Between making the two series Jones and Palin decided to work more on their own material, creating The Complete and Utter History of Britain (1969) for Humphrey Barclay when he moved to LWT, writing for both Do Not Adjust Your Set and The Complete and Utter History of Britain at the same time. Michael Palin had also worked with John Cleese and Graham Chapman on television special How to Irritate People (1968) in David Frost's attempt to break into the American market. As Do Not Adjust Your Set progressed Jason and Coffey increasingly deviated from the scripts that Idle, Jones and Palin had written, much to particularly Jones' frustration. While the second series was being broadcast Graham Chapman, and John Cleese attended the recording of an episode of Do Not Adjust Your Set, a show they were huge admirers of, and afterwards went with Terry Gilliam, Eric Idle, Terry Jones and Michael Palin all together for the first time to a curry house on 11 May, 1969. Cleese, keen to escape the control of David Frost, had been offered a television contract by the BBC, though at a considerable pay reduction from what Frost had offered him but allowing him greater freedom. Palin and Cleese decided to make an ensemble comedy series and on 23 May Cleese arranged for the six of them to pitch to the BBC for the 13-part television series which became the start of Monty Python's Flying Circus.

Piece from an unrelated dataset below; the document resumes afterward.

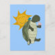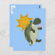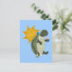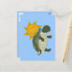 Una tortuga disfruta de un cono de helado en un día cálido en la imagen de los medios mixtos de esta postal. La tortuga verde se sienta erguida con las piernas estiradas. Sostiene un cono de gofre lleno de helado cubierto de rociadores de colores. La sonrisa en su rostro mientras lame la comida congelada muestra su satisfacción. Una mariposa azul se ha iluminado en su concha y un sol sonriente brilla sobre ambos. De mi imagen original creada digitalmente.

Around this time Thames Television tried to persuade the whole cast of Do Not Adjust Your Set to make another show for them but aimed at grown-ups, which Eric Idle was keen to do, but Thames had no available studios to film it in for at least a year. Michael Palin and Terry Jones were much keener to work with John Cleese for the BBC. Sir David Jason OBE has since revealed in his autobiography that he felt it was a 'huge blow' not to be asked to join Monty Python too and felt that this was because of his humble working-class, uneducated background and unlike the others he had not gone to university, and tensions with Eric Idle. Cleese has since said that he wished to assemble a team of writer/performers, which is why his close friend Tim Brooke-Taylor was not included as a Python.

Do Not Adjust Your Dustbins

As with many television episodes of the era, including such classics as Doctor Who, The Avengers, Dad's Army and Morecambe and Wise, the videotapes containing the original shows were wiped in the 1970s and they were reused to record other shows on.

Today only 14 episodes are known to exist. From the initial Rediffusion episodes the Pilot and Episodes 1, 2, 4, 5, 6, 9, 10, 11, 12 and 13 as well as the Special Edition are known to have survived. Of the Thames Television series only the Christmas Special 'Do Not Adjust Your Stocking' and Episode 2 still exist, though an off-air audio recording of episode 13 exists. These have since been released onto DVD, where the series is rated 'PG'.

1As this show was made for commercial televisions episodes were approximately 25-minutes allowing for an advert break in the middle.2British television company Associated British Cinemas (Television) and later Associated British Corporation that was a subsidiary of Associated British Picture Corporation, not to be confused with ITV company ATV which had also briefly used the name ABC standing for Associated Broadcasting Company before being sued by Associated British Corporation. There are similarly titled television companies worldwide, including the American Broadcasting Company and Australian Broadcasting Corporation.3A photographed comic strip.4The same day as the premiere of Magical Mystery Tour on BBC2, which also featured the Bonzo Dog Doo-Dah Band, while on BBC 1 the final episode of The Frost Report, titled 'Frost Over Christmas', featured live performances by John Cleese and sketches written by Terry Jones and Michael Palin.5London Weekend Television held the licence to broadcast to London at weekends between 1968 and 2002, when LWT had been taken over by ITV conglomerate Granada. Between them Granada and Carlton bought every ITV franchise in England and Wales – but not Scotland and Northern Ireland - and in 2002 merged to create ITV plc.